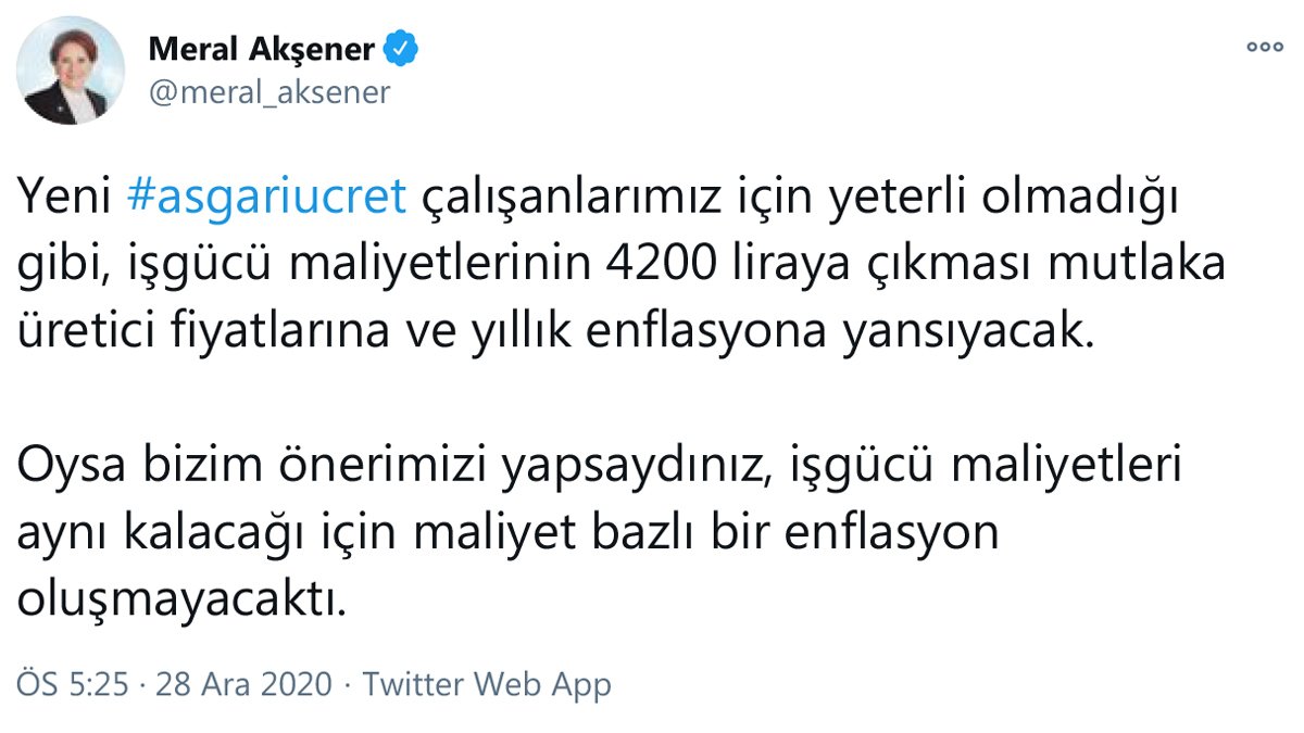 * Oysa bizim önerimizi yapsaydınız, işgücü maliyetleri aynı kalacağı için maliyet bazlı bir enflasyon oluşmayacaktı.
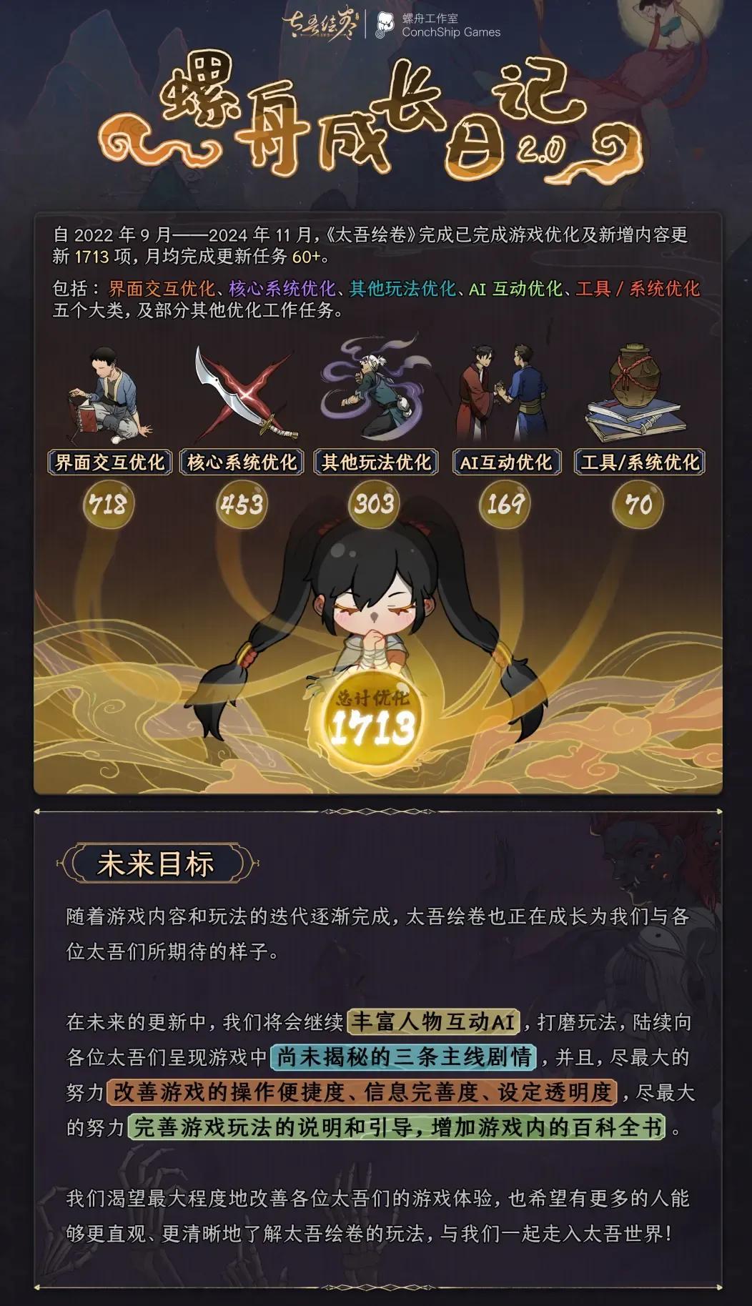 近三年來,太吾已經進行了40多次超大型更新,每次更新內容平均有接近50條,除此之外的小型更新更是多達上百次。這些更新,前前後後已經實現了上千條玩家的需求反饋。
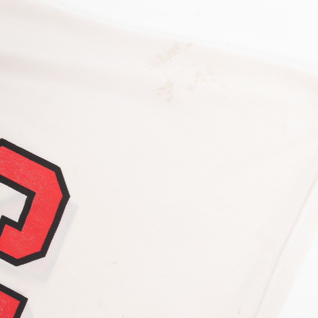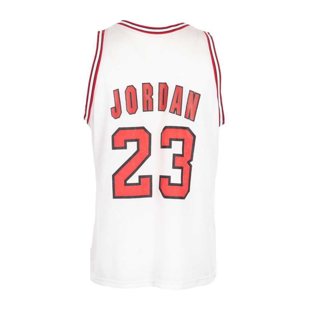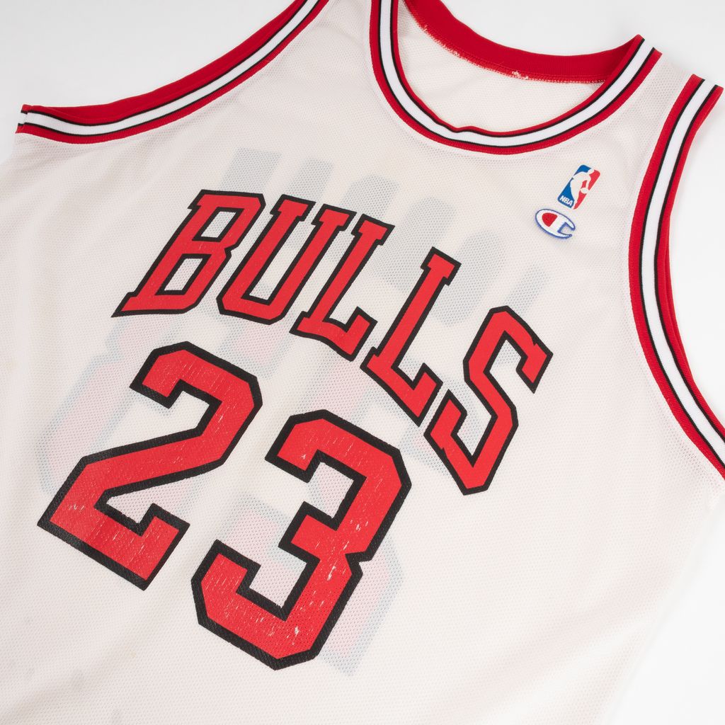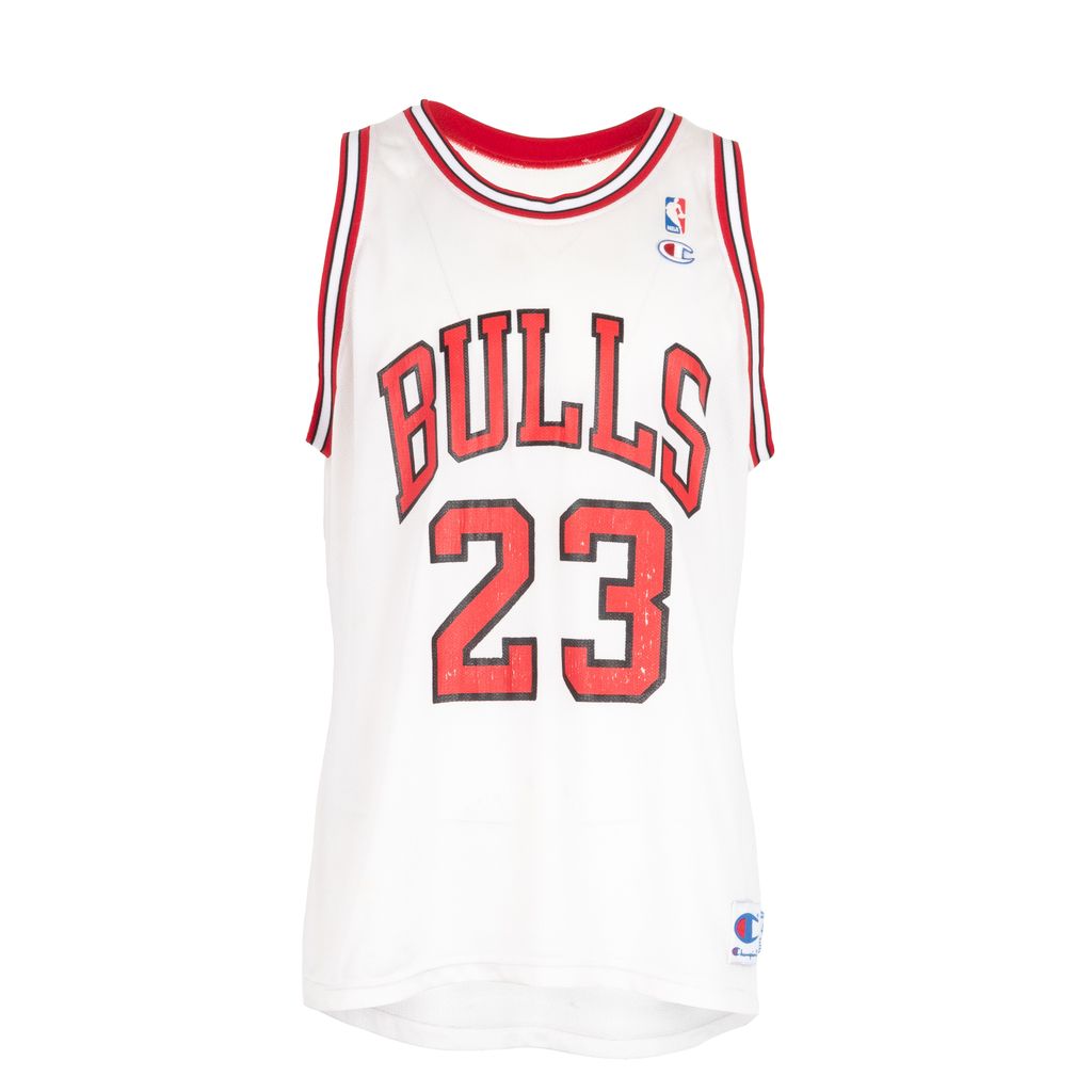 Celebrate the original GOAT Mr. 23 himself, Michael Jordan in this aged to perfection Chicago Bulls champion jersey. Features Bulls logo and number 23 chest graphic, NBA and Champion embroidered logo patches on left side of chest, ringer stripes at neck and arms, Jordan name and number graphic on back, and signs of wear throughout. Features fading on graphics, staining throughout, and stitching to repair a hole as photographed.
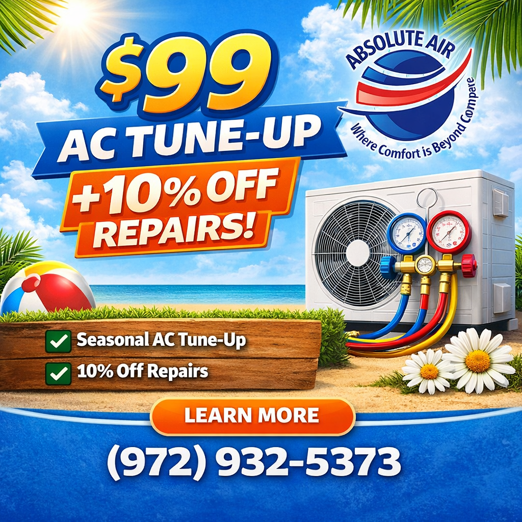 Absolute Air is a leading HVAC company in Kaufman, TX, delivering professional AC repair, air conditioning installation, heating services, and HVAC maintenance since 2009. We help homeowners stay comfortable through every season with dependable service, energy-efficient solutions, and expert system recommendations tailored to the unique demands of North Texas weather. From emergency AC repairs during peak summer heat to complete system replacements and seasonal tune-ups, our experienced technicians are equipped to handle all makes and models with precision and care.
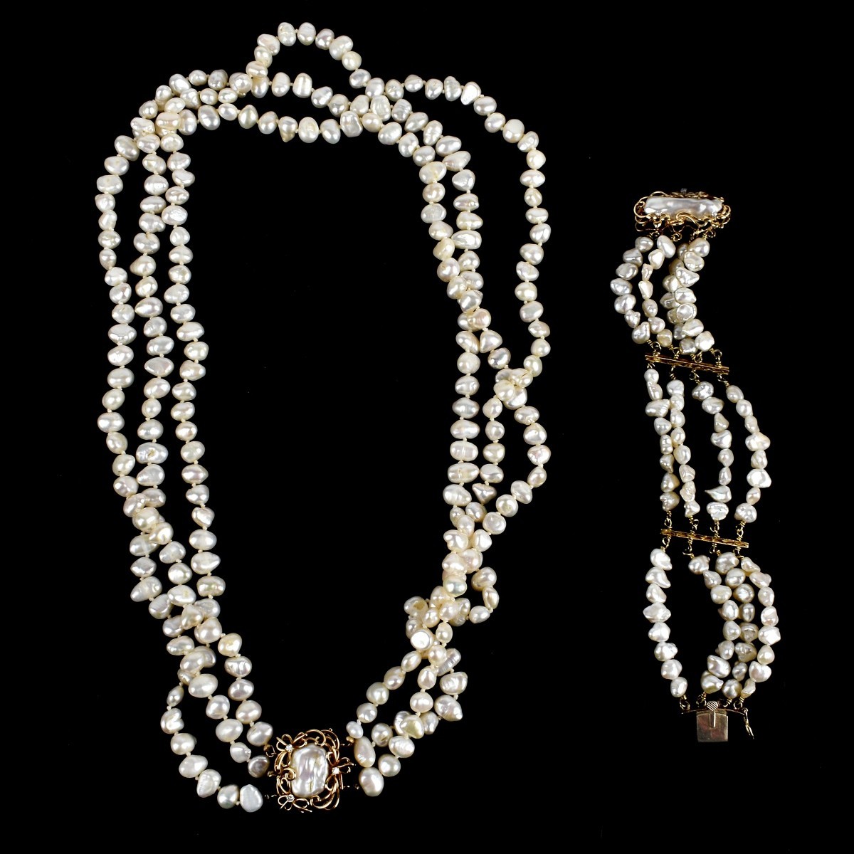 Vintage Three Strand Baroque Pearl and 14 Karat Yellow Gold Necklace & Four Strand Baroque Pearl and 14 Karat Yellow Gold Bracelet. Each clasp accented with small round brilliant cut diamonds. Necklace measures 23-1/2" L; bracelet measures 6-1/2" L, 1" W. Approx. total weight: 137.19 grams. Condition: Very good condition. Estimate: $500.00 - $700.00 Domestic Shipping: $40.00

### Problem statement
Begin at the first line of the material and copy each line exactly through the one containing "Celebrate the original". Omit pictures.

### Written solution
 * Oysa bizim önerimizi yapsaydınız, işgücü maliyetleri aynı kalacağı için maliyet bazlı bir enflasyon oluşmayacaktı.
 近三年來,太吾已經進行了40多次超大型更新,每次更新內容平均有接近50條,除此之外的小型更新更是多達上百次。這些更新,前前後後已經實現了上千條玩家的需求反饋。
 Celebrate the original GOAT Mr. 23 himself, Michael Jordan in this aged to perfection Chicago Bulls champion jersey. Features Bulls logo and number 23 chest graphic, NBA and Champion embroidered logo patches on left side of chest, ringer stripes at neck and arms, Jordan name and number graphic on back, and signs of wear throughout. Features fading on graphics, staining throughout, and stitching to repair a hole as photographed.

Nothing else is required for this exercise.